ISIS had urged its followers to use vehicles as weapons in lone wolf attacks before the deadly attack in Nice that claimed 84 lives, it emerged Friday — and one expert says the truck attack represents an “evolution” in how terrorists target civilians.
Rukmini Callimachi, a New York Times correspondent focusing on al-Qaeda and ISIS posted a screenshot on her Twitter account of ISIS’ Cyber Caliphate channel instructing “individual wolves” to use cars for ‘remming’ them.
However Mohamed Lahouaiej Bouhlel, who authorities identified as the driver in the attack, has not yet been linked to ISIS or Islamist extremism, and the group has not taken responsibility for the attack.
Matthew Henman, head of IHS Jane’s Terrorism and Insurgency Centre, said the Nice attack was not the first time a car or truck has been used as a deadly weapon by terrorists; the tactic is often employed by Palestinian militants in Israel, and had previously been used in smaller events in the West. France itself has been the victim of three separate car attacks in the past three years, including two in December 2014 that injured more than 20 people.

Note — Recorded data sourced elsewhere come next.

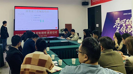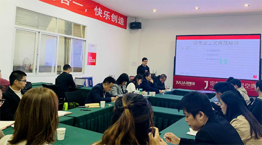 下午,生产部门高长青高老师为大家带来了精彩的<实木和订单培训>课程。高老师较为详细地梳理了公司生产、销售及安装、服务中的重点问题,并以此展开了详细讲解,为大家分享了居里亚工艺流程、实木结构等内容,为公司终端服务团队提供了系统化、针对性培训。
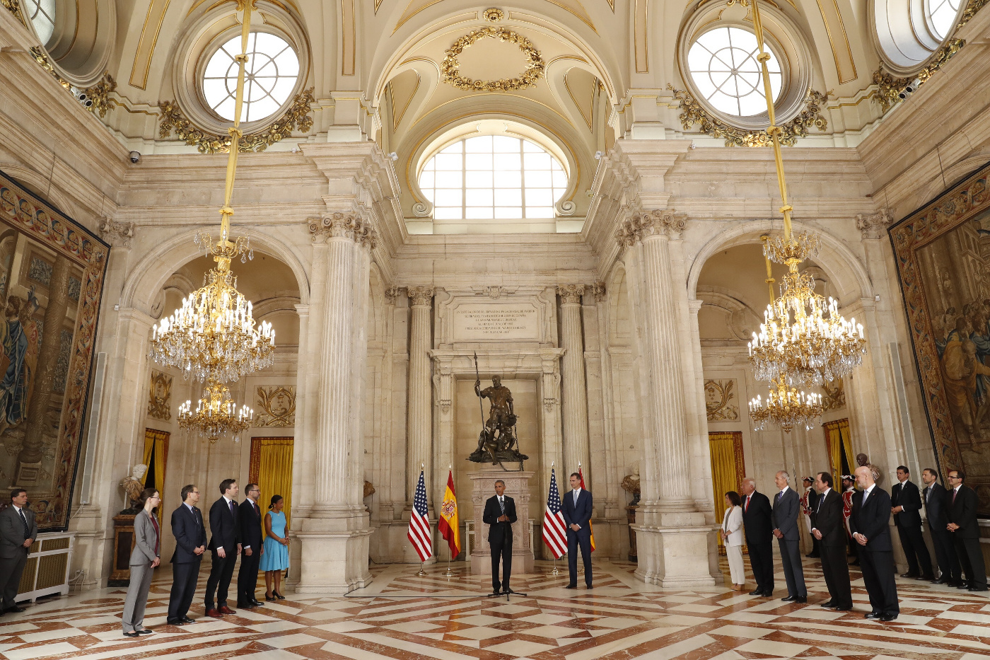 El presidente de EEUU, Barack Obama, desembarcó este sábado en Madrid como parte de su visita relámpago que ha debido acortar por el reciente tiroteo de Dallas. El mandatario ha departido este domingo con el rey Felipe VI en el Palacio Real y con el presidente del Gobierno en funciones, Mariano Rajoy, en Moncloa.
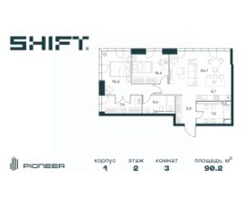 3-к квартира в премиальном комплексе SHIFT на 2-м этаже в 18 этажном здании. Общая площадь 90.2 кв. м.
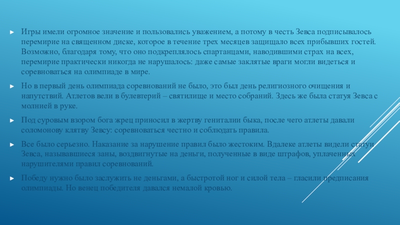 Слайд 6Игры имели огромное значение и пользовались уважением, а потому в честь
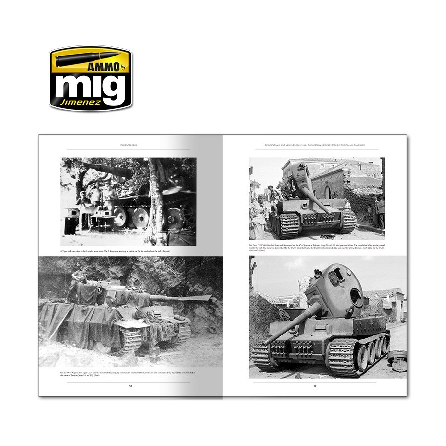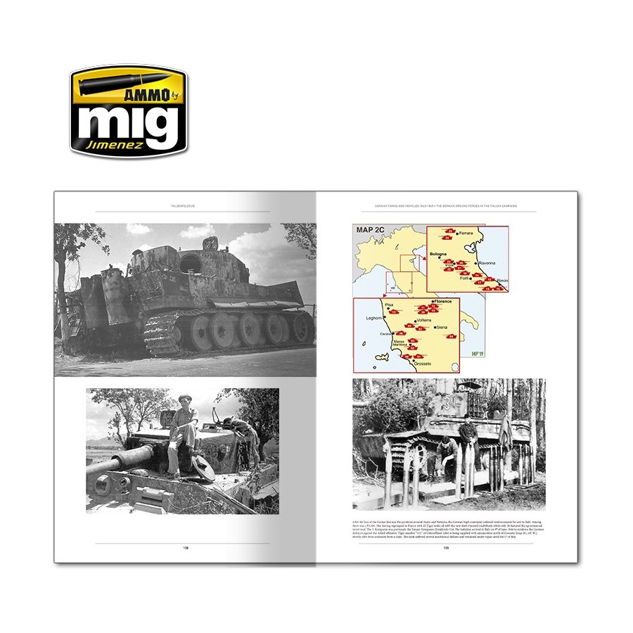 Este primer volumen de la colección ITALIENFELDZUG explora en profundidad el carro de combate Tiger, los cazacarros Elefant y Hetzer, los cañones autopropulsados Wespe y los vehículos de demolición teledirigidos. Las 250 páginas contienen más de 400 fotografías de gran tamaño, 23 mapas, 11 perfiles en color, e incluyen emblemas y reproducciones de documentos originales.
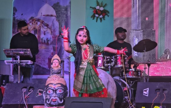 मिष्टी के मंच पर पहुंचते ही पंडाल तालियों की गूंज से भर उठा। दर्शकों ने उत्साहपूर्वक स्वागत करते हुए उसकी हौसला-अफजाई की। एकल प्रस्तुति में मिष्टी ने …ए गिरी नंदनी और …जय काली जय काली मां जैसी भक्तिमय धुनों पर मनमोहक नृत्य प्रस्तुत कर वातावरण को पूरी तरह भक्ति रस में रंग दिया। उसके भाव, लय और मंच पर आत्मविश्वास ने श्रोताओं को मंत्रमुग्ध कर दिया।कार्यक्रम में इंडियन आइडल फेम गायिका सौम्या मिश्रा के साथ मिष्टी की संगत विशेष आकर्षण का केंद्र रही। दोनों कलाकारों की जुगलबंदी ने मंच पर नई ऊर्जा भर दी। …बम बम बोल रहा है काशी सहित अन्य गीतों पर मिष्टी की सटीक संगत, अभिव्यक्ति और सहज नृत्य ने दर्शकों को झूमने पर मजबूर कर दिया। हर प्रस्तुति के बाद तालियों और जयकारों से पूरा परिसर गूंजता रहा।महोत्सव के समापन पर जिला कला संस्कृति पदाधिकारी स्नेहा झा और बनगांव थानाध्यक्ष पुनि हरिश्चंद्र ठाकुर ने मिष्टी को मोमेंटो देकर सम्मानित किया। अधिकारियों ने उसकी प्रतिभा की सराहना करते हुए उज्ज्वल भविष्य की कामना की।देवना में मिष्टी का यह पर्दापण दर्शकों के बीच लंबे समय तक चर्चा का विषय बना रहा। युवा कलाकार की सफलता ने स्थानीय प्रतिभाओं के लिए प्रेरणा का काम किया और बाणेश्वर महोत्सव की शाम को यादगार बना दिया।
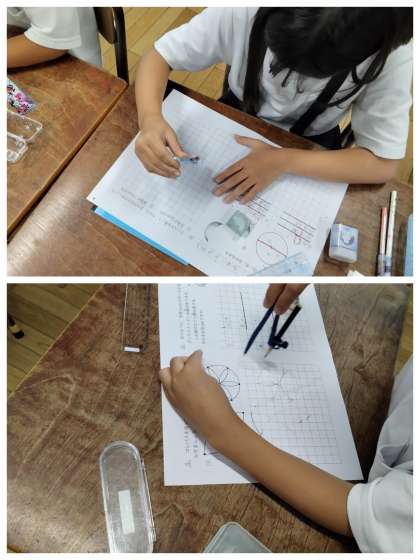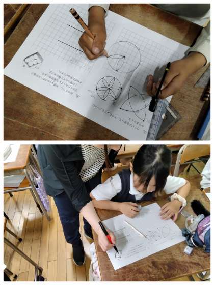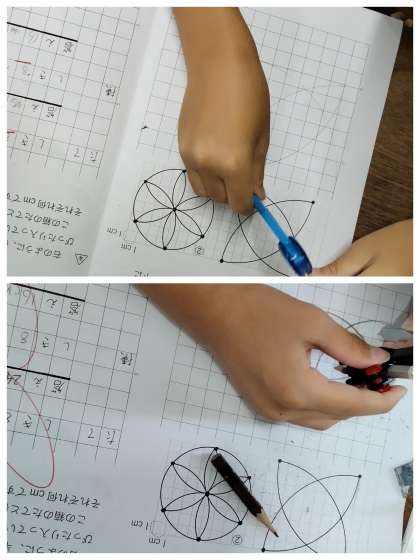コンパスを使って、いろいろな模様を描いていきます。

But Henman says the scale of the Nice attack shows an evolution in the strategy. “The use of a large truck in the attack, alongside the high death toll and deliberate targeting of a large crowd at an ideologically symbolic event represents an evolution in the use of the tactic and potentially indicates a higher level of operational planning,” he said in a release.
He also said France and other countries may see more truck attacks in the near future: “The high-impact/low-capability nature of the attack raises the risk of the repeated use of the tactic in France and allied countries in the coming months, as well as copycat attacks in the following days,” he said.